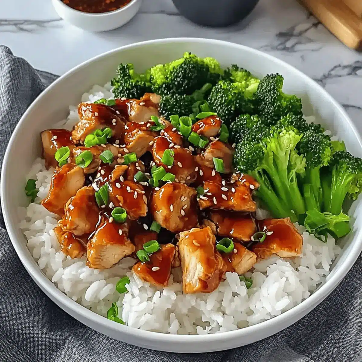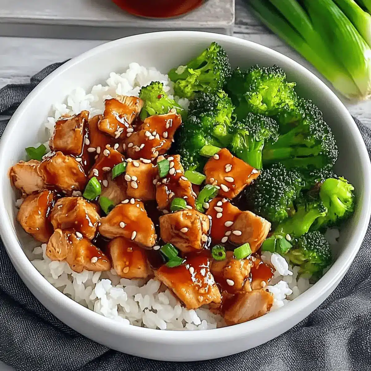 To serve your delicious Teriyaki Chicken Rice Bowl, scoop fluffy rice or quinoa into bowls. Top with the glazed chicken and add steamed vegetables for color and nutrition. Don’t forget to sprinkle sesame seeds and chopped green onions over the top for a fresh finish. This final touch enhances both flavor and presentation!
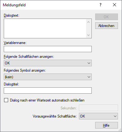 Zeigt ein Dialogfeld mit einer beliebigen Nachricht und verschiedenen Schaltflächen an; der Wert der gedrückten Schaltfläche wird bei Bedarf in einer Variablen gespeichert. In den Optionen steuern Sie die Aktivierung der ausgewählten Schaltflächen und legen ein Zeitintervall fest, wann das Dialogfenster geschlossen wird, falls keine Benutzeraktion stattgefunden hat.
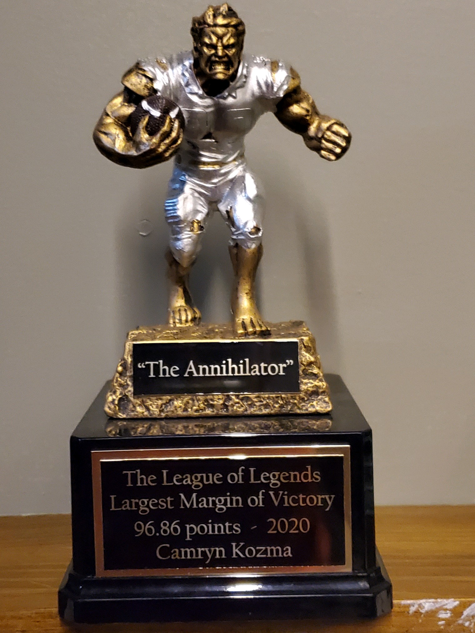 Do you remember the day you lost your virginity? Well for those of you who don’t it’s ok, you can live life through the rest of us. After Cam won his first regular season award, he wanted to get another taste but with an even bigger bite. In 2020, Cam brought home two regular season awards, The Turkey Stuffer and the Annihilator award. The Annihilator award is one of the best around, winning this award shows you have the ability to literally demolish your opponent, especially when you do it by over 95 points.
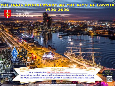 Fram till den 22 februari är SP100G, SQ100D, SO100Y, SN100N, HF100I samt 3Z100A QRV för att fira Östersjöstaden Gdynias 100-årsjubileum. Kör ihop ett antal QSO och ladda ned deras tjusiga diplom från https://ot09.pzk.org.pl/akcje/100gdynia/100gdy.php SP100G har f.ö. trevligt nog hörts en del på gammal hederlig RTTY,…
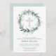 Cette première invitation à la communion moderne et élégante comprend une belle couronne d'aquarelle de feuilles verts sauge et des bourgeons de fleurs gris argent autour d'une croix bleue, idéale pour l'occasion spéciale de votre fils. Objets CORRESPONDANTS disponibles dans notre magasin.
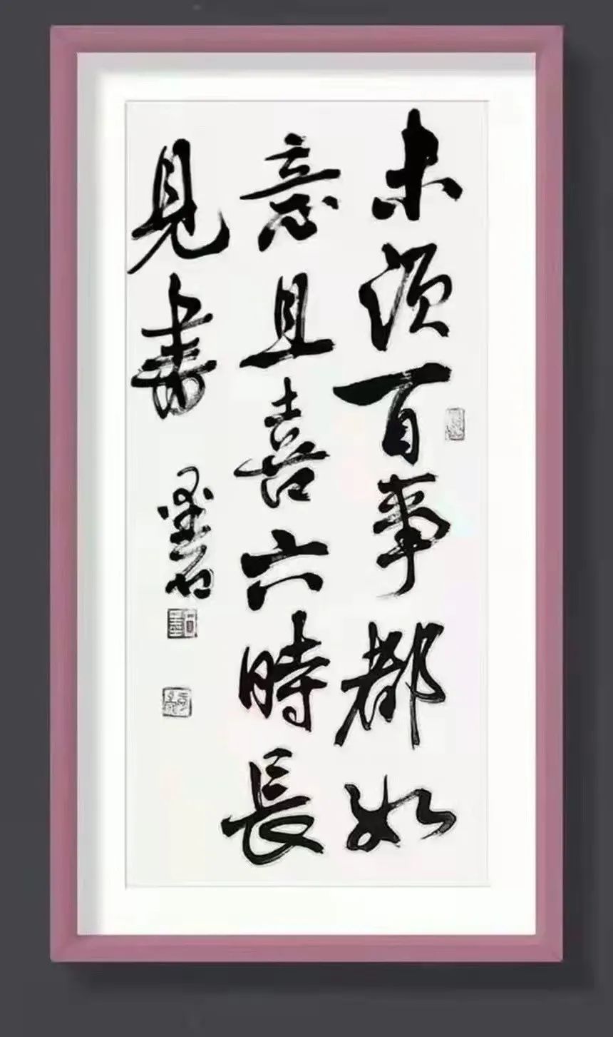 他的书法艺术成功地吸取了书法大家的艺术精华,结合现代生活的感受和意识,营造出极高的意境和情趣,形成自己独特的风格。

- EXERCISE DIRECTIONS:
Exactly as written, return every line of the listing, but not the pictures.

- EXERCISE SOLUTION:
 To serve your delicious Teriyaki Chicken Rice Bowl, scoop fluffy rice or quinoa into bowls. Top with the glazed chicken and add steamed vegetables for color and nutrition. Don’t forget to sprinkle sesame seeds and chopped green onions over the top for a fresh finish. This final touch enhances both flavor and presentation!
 Zeigt ein Dialogfeld mit einer beliebigen Nachricht und verschiedenen Schaltflächen an; der Wert der gedrückten Schaltfläche wird bei Bedarf in einer Variablen gespeichert. In den Optionen steuern Sie die Aktivierung der ausgewählten Schaltflächen und legen ein Zeitintervall fest, wann das Dialogfenster geschlossen wird, falls keine Benutzeraktion stattgefunden hat.
 Do you remember the day you lost your virginity? Well for those of you who don’t it’s ok, you can live life through the rest of us. After Cam won his first regular season award, he wanted to get another taste but with an even bigger bite. In 2020, Cam brought home two regular season awards, The Turkey Stuffer and the Annihilator award. The Annihilator award is one of the best around, winning this award shows you have the ability to literally demolish your opponent, especially when you do it by over 95 points.
 Fram till den 22 februari är SP100G, SQ100D, SO100Y, SN100N, HF100I samt 3Z100A QRV för att fira Östersjöstaden Gdynias 100-årsjubileum. Kör ihop ett antal QSO och ladda ned deras tjusiga diplom från https://ot09.pzk.org.pl/akcje/100gdynia/100gdy.php SP100G har f.ö. trevligt nog hörts en del på gammal hederlig RTTY,…
 Cette première invitation à la communion moderne et élégante comprend une belle couronne d'aquarelle de feuilles verts sauge et des bourgeons de fleurs gris argent autour d'une croix bleue, idéale pour l'occasion spéciale de votre fils. Objets CORRESPONDANTS disponibles dans notre magasin.
 他的书法艺术成功地吸取了书法大家的艺术精华,结合现代生活的感受和意识,营造出极高的意境和情趣,形成自己独特的风格。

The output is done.